### Exercise goal
Only the lines from the beginning of the entries through the one with "LVIV REGION, UKRAINE" should be written out, please, exactly and without any pictures.

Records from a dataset
+ + + + + + +

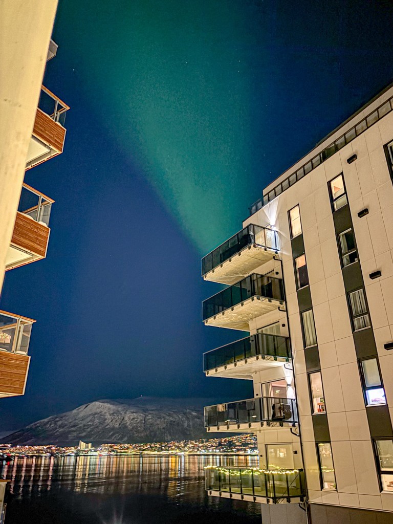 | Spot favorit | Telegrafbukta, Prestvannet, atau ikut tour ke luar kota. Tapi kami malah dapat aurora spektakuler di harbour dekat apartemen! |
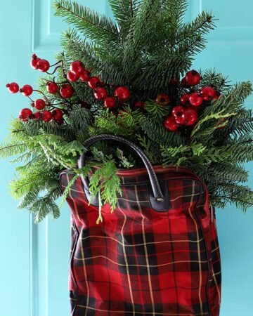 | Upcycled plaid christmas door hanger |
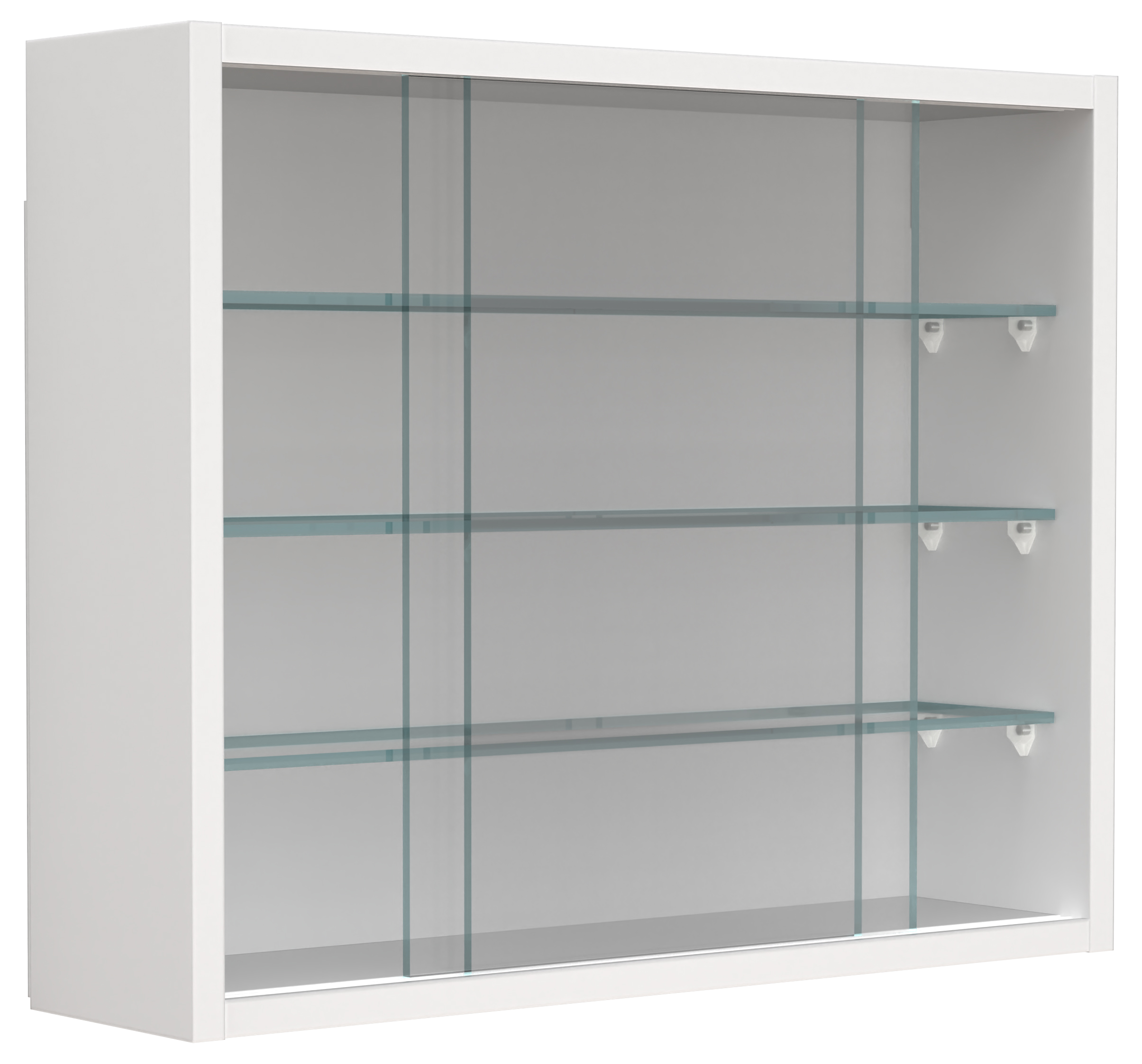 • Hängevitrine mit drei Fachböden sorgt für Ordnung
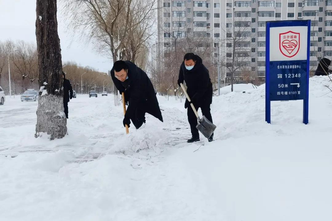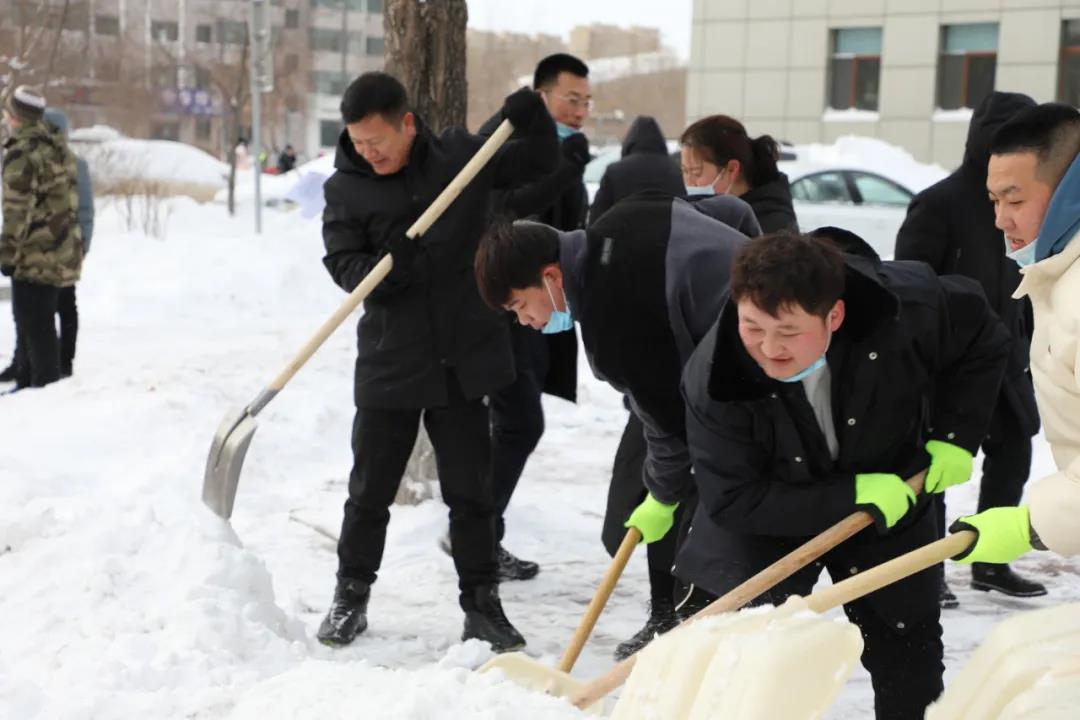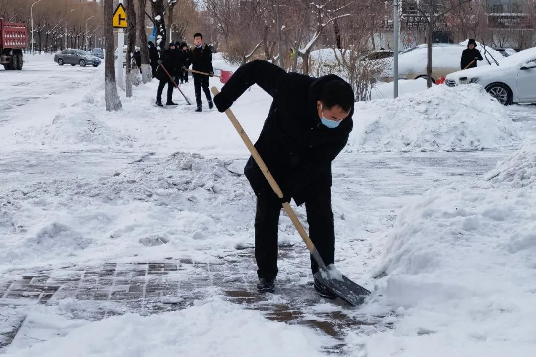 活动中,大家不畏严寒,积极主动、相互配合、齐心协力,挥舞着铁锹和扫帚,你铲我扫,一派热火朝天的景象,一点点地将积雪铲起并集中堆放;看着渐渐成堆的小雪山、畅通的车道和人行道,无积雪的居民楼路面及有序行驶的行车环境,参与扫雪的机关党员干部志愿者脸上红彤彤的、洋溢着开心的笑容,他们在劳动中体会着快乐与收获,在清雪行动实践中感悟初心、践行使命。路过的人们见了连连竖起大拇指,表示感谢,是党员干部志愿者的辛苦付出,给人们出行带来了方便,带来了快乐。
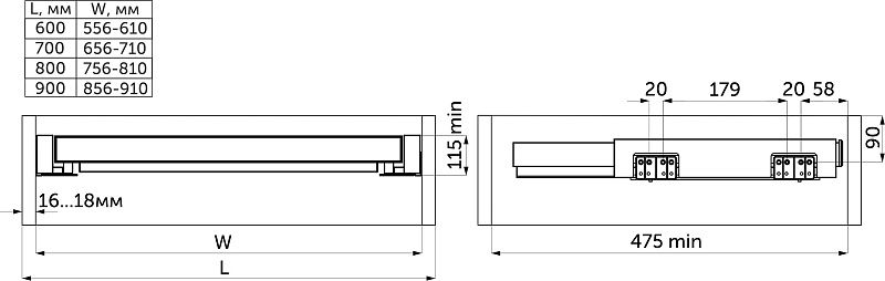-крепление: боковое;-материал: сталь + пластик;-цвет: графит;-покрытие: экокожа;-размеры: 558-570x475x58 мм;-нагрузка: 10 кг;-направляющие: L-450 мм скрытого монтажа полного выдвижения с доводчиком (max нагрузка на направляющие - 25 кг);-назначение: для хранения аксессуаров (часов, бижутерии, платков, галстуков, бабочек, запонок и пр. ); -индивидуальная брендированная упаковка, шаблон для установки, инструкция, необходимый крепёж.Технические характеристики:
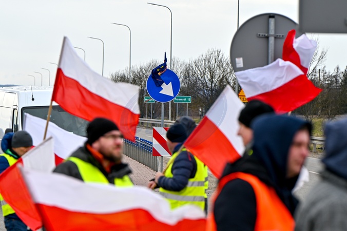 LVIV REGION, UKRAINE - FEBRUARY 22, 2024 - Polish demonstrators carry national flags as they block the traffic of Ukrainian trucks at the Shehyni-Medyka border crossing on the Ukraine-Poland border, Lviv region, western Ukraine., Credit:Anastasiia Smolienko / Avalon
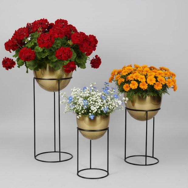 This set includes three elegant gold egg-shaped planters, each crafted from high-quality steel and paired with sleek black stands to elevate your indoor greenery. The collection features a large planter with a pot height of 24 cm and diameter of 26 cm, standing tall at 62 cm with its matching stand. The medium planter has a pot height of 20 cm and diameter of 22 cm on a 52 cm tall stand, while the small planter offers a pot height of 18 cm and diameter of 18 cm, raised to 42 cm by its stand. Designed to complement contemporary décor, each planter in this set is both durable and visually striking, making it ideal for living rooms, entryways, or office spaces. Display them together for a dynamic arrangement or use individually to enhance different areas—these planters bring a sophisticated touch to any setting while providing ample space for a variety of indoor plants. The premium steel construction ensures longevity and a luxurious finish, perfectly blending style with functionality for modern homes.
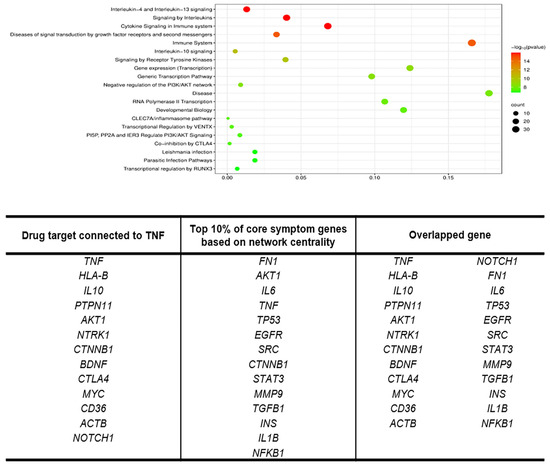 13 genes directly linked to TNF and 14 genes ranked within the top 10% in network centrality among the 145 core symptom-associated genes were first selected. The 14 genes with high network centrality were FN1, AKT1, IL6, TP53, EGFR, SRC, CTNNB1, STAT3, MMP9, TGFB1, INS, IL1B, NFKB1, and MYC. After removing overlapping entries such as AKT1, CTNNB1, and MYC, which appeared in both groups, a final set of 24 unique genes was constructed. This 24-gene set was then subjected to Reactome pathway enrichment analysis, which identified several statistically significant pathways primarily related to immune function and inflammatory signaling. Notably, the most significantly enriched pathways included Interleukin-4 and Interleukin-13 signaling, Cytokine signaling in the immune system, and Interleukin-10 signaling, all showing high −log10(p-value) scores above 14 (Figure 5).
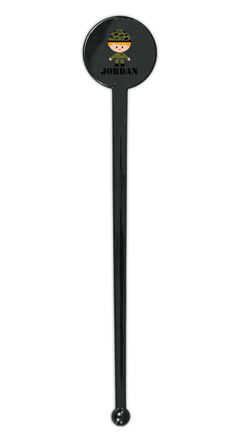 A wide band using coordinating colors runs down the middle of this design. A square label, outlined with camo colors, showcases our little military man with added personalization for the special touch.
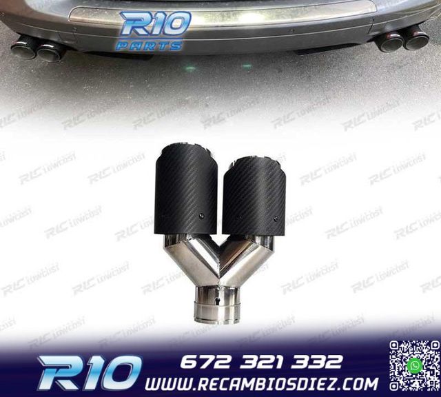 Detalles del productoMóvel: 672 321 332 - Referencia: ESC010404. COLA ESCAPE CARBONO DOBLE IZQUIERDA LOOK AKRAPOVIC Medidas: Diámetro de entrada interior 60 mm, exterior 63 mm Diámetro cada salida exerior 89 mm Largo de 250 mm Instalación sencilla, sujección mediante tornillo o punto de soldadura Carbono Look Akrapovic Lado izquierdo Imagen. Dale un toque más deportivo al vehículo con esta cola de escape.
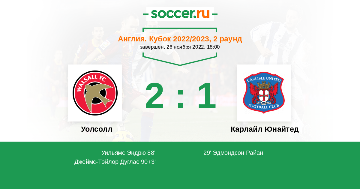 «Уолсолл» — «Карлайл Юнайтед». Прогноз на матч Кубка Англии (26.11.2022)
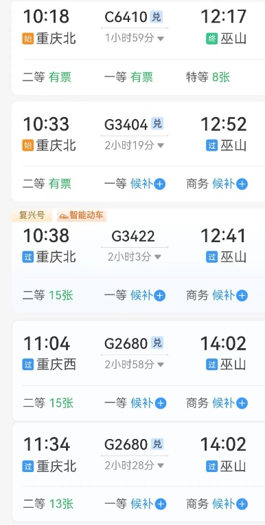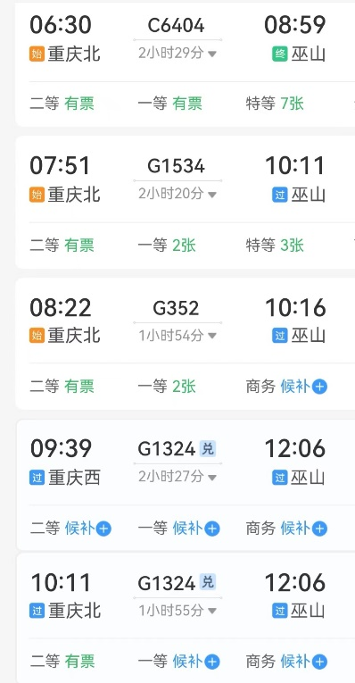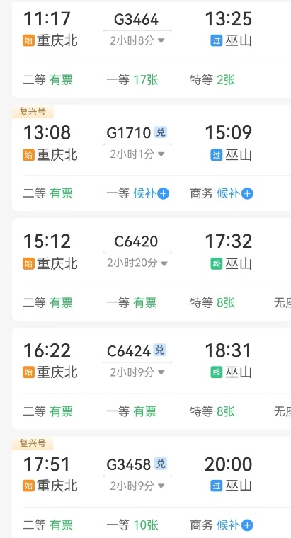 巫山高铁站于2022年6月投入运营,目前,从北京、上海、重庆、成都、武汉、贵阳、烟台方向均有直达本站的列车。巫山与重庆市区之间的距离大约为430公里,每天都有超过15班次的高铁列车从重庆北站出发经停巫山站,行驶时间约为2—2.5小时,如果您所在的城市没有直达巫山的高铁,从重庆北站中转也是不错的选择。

+ + + + + + +

### Answer box
 | Spot favorit | Telegrafbukta, Prestvannet, atau ikut tour ke luar kota. Tapi kami malah dapat aurora spektakuler di harbour dekat apartemen! |
 | Upcycled plaid christmas door hanger |
 • Hängevitrine mit drei Fachböden sorgt für Ordnung
 活动中,大家不畏严寒,积极主动、相互配合、齐心协力,挥舞着铁锹和扫帚,你铲我扫,一派热火朝天的景象,一点点地将积雪铲起并集中堆放;看着渐渐成堆的小雪山、畅通的车道和人行道,无积雪的居民楼路面及有序行驶的行车环境,参与扫雪的机关党员干部志愿者脸上红彤彤的、洋溢着开心的笑容,他们在劳动中体会着快乐与收获,在清雪行动实践中感悟初心、践行使命。路过的人们见了连连竖起大拇指,表示感谢,是党员干部志愿者的辛苦付出,给人们出行带来了方便,带来了快乐。
-крепление: боковое;-материал: сталь + пластик;-цвет: графит;-покрытие: экокожа;-размеры: 558-570x475x58 мм;-нагрузка: 10 кг;-направляющие: L-450 мм скрытого монтажа полного выдвижения с доводчиком (max нагрузка на направляющие - 25 кг);-назначение: для хранения аксессуаров (часов, бижутерии, платков, галстуков, бабочек, запонок и пр. ); -индивидуальная брендированная упаковка, шаблон для установки, инструкция, необходимый крепёж.Технические характеристики:
 LVIV REGION, UKRAINE - FEBRUARY 22, 2024 - Polish demonstrators carry national flags as they block the traffic of Ukrainian trucks at the Shehyni-Medyka border crossing on the Ukraine-Poland border, Lviv region, western Ukraine., Credit:Anastasiia Smolienko / Avalon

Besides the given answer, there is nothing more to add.